Many other insurance-related bills have been proposed, but few will see any action before the election. These include:

  • The Insurance Data Protection Act (not yet introduced), which would rein in the power of the Federal Insurance Office (FIO) to subpoena data from insurance companies. The bill would require the FIO to obtain data through the insurance company's state regulator.
  • The Service Members Insurance Relief Act (H.R. 4669) would allow members of the U.S. military to retain their auto insurance policies when they are transferred to new bases.
  • Insurance Capital Standards Clarification Act of 2014 (H.R. 4510) would clarify the application of capital requirements to insurance companies that are subject to supervision by the Federal Reserve Board.
  • The Insurance Consumer Protection and Solvency Act of 2013 (H.R. 605) clarifies that state insurance laws govern the liquidation or rehabilitation of an insurance company.
  • The Risk Retention Modernization Act of 2014 (not yet introduced) would expand the authority of risk retention groups, which are a mechanism for self-insurance, to offer commercial lines of insurance, such as property and auto physical damage.
  • The Secure Constructing Code Incentive Act of 2013 (H.R. 1878 and S. 924), would supply extra federal help to states that strengthen their building codes.
  • The Catastrophe Financial Savings Account Act (H.R. 3989 and S. 1991), calls for a $5,000 tax deduction for home owners who deposit money into a newly created type of cost savings account to offset catastrophe mitigation expenses.
  • The Catastrophe Savings and Resilient Building Act of 2013 (H.R. 2241) would give tax credits for more resilient construction.

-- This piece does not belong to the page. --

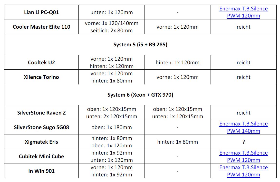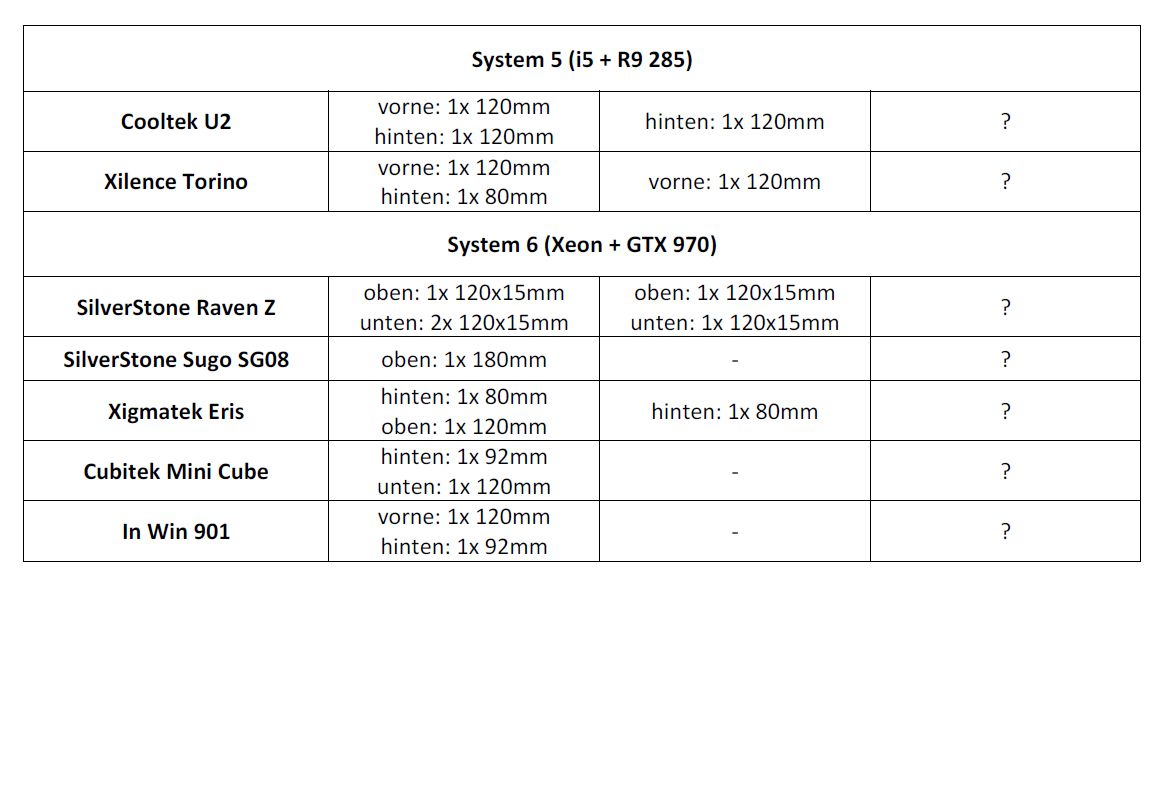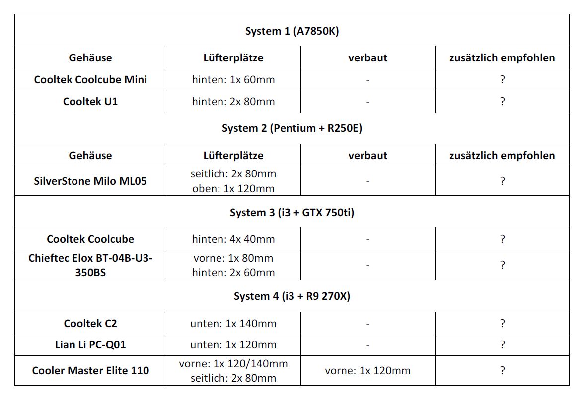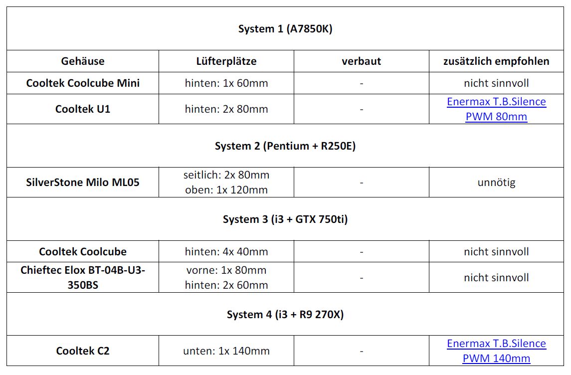 Ich denke, bei den Systemen 2 und 3 sind aufgrund der geringen Abwärme keine weiteren Lüfter nötig und bei manchen Gehäusen wäre dies m.M.n. eh nicht sinnvoll (Beispiel Coolcube mit 40mm-Lüftern). Recht einfach ist es auch bei den drei Gehäusen aus System 6, die ganz ohne Lüfter geliefert werden, da werde ich einen empfehlen.

Apart from pending legislation, federal agencies are continuing to engage in rule-making. On May 16, the Centers for Medicare and Medicaid Services (CMS), in the Department of Health and Human Services (HHS), issued final rules that would permit unlicensed navigators to perform some of the functions of licensed insurance agents and brokers, while prohibiting the states from requiring that they obtain an agent or broker license.

“These new rules seem to regard efforts to protect consumers from fraud as obstacles to more people signing up for the Affordable Care Act (ACA),” said PIA National Executive Vice President & CEO Mike Becker. “Preventing states from protecting their citizens should never be viewed as a path to success; it is a prescription for failure.”

Most of the insurance proposals pending on Capitol Hill will remain bottled up in the pressure cooker of partisanship that prevents consensus on most legislation. Is there a chance that after the 2014 elections, there will be more agreement? Perhaps—but then again, preparations are already underway for the 2016 elections.